-- Supplied data follows --

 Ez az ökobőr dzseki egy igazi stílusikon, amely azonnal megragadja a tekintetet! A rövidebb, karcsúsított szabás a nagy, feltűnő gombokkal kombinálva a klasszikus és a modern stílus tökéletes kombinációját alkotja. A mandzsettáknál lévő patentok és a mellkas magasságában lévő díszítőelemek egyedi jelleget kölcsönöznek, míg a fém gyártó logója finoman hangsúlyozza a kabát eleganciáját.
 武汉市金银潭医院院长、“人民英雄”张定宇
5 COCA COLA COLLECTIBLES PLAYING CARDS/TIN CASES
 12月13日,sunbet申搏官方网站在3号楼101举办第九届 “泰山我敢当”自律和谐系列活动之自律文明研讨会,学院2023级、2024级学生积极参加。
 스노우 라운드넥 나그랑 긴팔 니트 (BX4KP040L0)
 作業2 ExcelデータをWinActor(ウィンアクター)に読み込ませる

-- Supplied data concluded --
-- Supplied data follows --

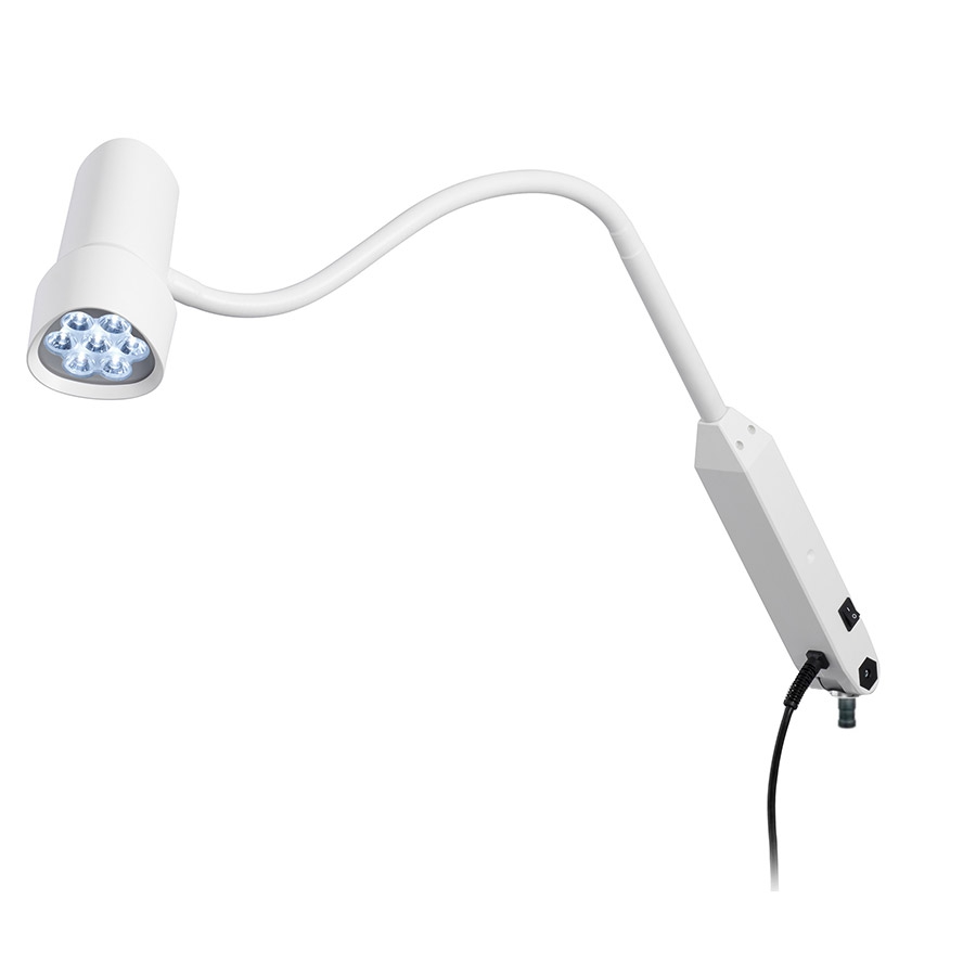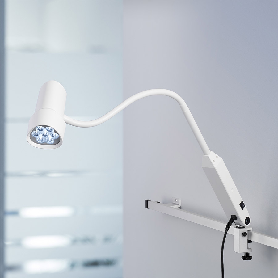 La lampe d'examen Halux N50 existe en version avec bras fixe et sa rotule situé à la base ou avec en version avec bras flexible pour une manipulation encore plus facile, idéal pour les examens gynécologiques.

-- Supplied data concluded --
-- Supplied data follows --

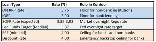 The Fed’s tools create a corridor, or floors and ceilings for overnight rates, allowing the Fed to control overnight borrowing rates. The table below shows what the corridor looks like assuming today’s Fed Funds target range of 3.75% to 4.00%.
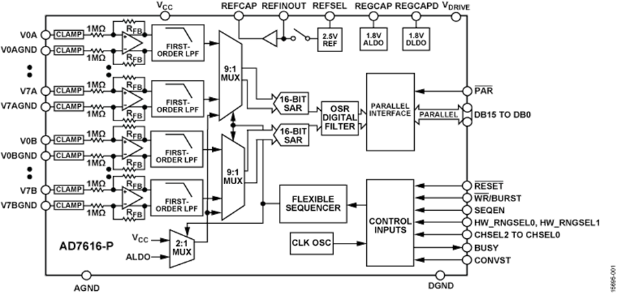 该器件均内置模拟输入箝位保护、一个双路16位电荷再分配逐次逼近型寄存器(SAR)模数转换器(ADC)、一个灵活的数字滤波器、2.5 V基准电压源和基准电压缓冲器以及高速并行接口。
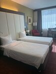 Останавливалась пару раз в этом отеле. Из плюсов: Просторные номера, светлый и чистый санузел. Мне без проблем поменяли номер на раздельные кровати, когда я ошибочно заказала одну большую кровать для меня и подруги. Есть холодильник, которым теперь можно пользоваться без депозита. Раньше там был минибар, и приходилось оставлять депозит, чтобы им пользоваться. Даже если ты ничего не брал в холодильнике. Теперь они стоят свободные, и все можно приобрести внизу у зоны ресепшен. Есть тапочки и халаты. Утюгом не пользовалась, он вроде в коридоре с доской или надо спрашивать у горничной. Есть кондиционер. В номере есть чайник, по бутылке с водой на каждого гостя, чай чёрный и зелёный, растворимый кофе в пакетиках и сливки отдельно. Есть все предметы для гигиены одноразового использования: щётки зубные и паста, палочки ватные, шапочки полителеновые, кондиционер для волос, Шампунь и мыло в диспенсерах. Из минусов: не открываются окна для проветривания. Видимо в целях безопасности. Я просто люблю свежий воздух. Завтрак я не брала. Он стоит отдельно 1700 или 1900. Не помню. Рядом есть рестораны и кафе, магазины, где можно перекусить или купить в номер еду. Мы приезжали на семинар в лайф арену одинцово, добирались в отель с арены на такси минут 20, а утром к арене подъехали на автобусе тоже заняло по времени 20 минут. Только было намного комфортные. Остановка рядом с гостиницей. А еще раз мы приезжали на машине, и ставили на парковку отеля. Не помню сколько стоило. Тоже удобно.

-- Supplied data concluded --

Problem to work on:
Extract exactly and only the lines above from the line containing "Ez az ökobőr" through the line containing "스노우 라운드넥 나그랑 긴팔 니트 (BX4KP040L0)", both end lines included.

Result below:
 Ez az ökobőr dzseki egy igazi stílusikon, amely azonnal megragadja a tekintetet! A rövidebb, karcsúsított szabás a nagy, feltűnő gombokkal kombinálva a klasszikus és a modern stílus tökéletes kombinációját alkotja. A mandzsettáknál lévő patentok és a mellkas magasságában lévő díszítőelemek egyedi jelleget kölcsönöznek, míg a fém gyártó logója finoman hangsúlyozza a kabát eleganciáját.
 武汉市金银潭医院院长、“人民英雄”张定宇
5 COCA COLA COLLECTIBLES PLAYING CARDS/TIN CASES
 12月13日,sunbet申搏官方网站在3号楼101举办第九届 “泰山我敢当”自律和谐系列活动之自律文明研讨会,学院2023级、2024级学生积极参加。
 스노우 라운드넥 나그랑 긴팔 니트 (BX4KP040L0)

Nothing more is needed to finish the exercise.